I have received a number of questions from clients recently asking whether they should use a microwave when reheating food. This blog article looks at what happens when we microwave food and compares this to other cooking methods … I reckon some of you will be surprised.

It is estimated that over 90% of British households have a microwave. They are ridiculously cheap and represent the ultimate culinary convenience. Yet when it comes to health and specifically the preservation of the nutrients in the food being heated, microwaves are both destructive and potentially dangerous, right? Maybe not.

What do microwaves do?

Time for a little bit of science. Microwave ovens cook food using oscillating electromagnetic waves, much like radio waves. The energy penetrates your food and excites the molecules in that food, creating energy in the form of heat. These electromagnetic waves are remarkably selective and primarily affect molecules that are electrically asymmetrical – i.e. one end positively charged and the other negatively so. This is referred to as a polarity. Water is a polar molecule, so when a microwave oven cooks or heats up food, it does so mainly by energizing (i.e. heating up) water molecules, and the water energizes its molecular neighbours.

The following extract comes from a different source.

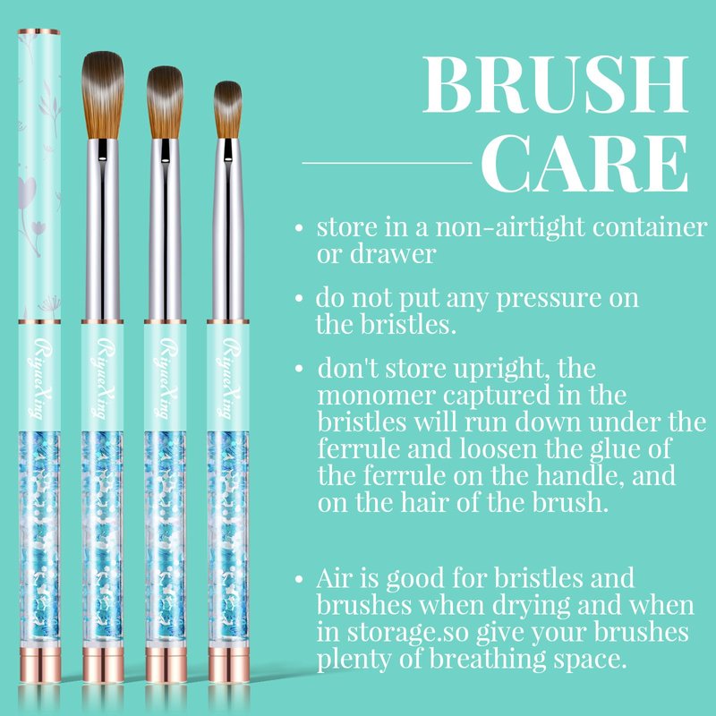 - 🌸 Care & Tips: Proper use, together with correct care and cleaning will ensure your brushes have longer life. Storage is important - always keep aired and whenever possible, in the upright position.

The other thing to note is that microwave oven energy is more penetrating than heat that emanates from an oven or stove. It immediately reaches molecules about an inch below the surface of the food, in contrast to regular cooking where heat moves from the outside in through conduction.

Microwave misconceptions

A common misconception is that microwaves can somehow mutate the nutrients in the food we eat. Take this quote from www.naturalnews.com (which came up regularly on page 1 of Google a number of times as I read into this topic): “using a microwave is a bit like dropping a nuclear bomb on your food, then eating the fallout.”

This essentially (and unfortunately) amounts to sensationalist journalism. As the description above shows, microwaves do not depend upon nuclear radiation and cannot therefore mutate your food in the way envisaged. Microwaving can change the shape of the proteins in our food, but this will happen with all cooking methods. In fact, stomach acids affect proteins in a similar way so in this respect microwaving in no way renders food less fit to eat.

Comparing cooking methods

The simple truth is that any type of cooking – steaming, boiling, microwaving, frying etc. – will destroy some nutrients. The key, then, is to choose the method that is the least damaging. But to understand this, we need to better understand exactly what damages/degrades the nutrients in the food we eat.

Heat. Overcooking, high temperatures, or prolonged cooking are enemies to nutrients, especially vitamin C. Crucially, this is the case whatever the cooking method precisely because it is the heat itself that causes the damage.

Water. Water dissolves water soluble vitamins and minerals, notable examples of which include B-complex vitamins and vitamin-C. Most obviously, this gives microwaving an ‘edge’ over boiling. Note: when choosing to boil food, you should use as little water as possible and incorporate the vitamin-rich water (yes, it’s still there!) into other dishes such as soups and sauces.

Light. Allowing food to stand in open light for prolonged period can destroy vitamins. Milk, for example, which is a good source of the B vitamin riboflavin, will lose much of that vitamin when exposed to light.

Air. Exposure to air will destroy a number of the vitamins present in out food, such as vitamins A, C, E, K and the B-vitamins.

pH Balance. Even the pH balance of our foods (and therefore the way pH balances can be affected by the way we cook our foods) can effect the nutrient content. For example, adding baking soda as an ingredient in cooking can make water more alkaline, which can destroy thiamin and vitamin C.

Conclusion: so where does that leave us?

Working through what actually affects the nutrient content of our food in this way is extremely instructive. I think we can put aside light, air and pH balance for one moment, as these factors do not feature differently depending on the method of cooking used.

However, microwave cooking actually exposes most foods to less heat and water, and does so for a far shorter period of time, meaning fewer vitamins and minerals will be destroyed during cooking. Yes, microwave cooking destroys nutrients and so an isolated study into this alone will always reach seemingly startling conclusions. But when microwaving is compared to other cooking methods, it can often be preferable.

Afterthought: prove it Mr Fresh Fitness Food!

No matter how thoroughly we read into a particular subject and no matter how extensively we weigh up conflicting arguments, we are always going to have to reach conclusions based on the evidence collected, and the opinions and conclusions reached by others. So I want to end by saying that I have reached the conclusions here after carefully reading around and trusting one school of thought more than another.

The school of thought I have sided with is one based on empirical evidence. It is also a school of thought put forward by field leading experts with considerable research budgets at their disposal. So, for example, the conclusions reached by Harvard Medical School are that “as a general proposition, cooking with a microwave probably does a better job of preserving the nutrient content of foods”.

Harvard was not the only reputable source behind the conclusions I reached, but it is not a bad source to call upon. Compare this, for example, with the source that came to the ‘nuclear fallout’ conclusions above and you realise that you are reading an e-commerce site that seems to used scaremongering to push you into purchasing one of the hundreds of products they have for sale.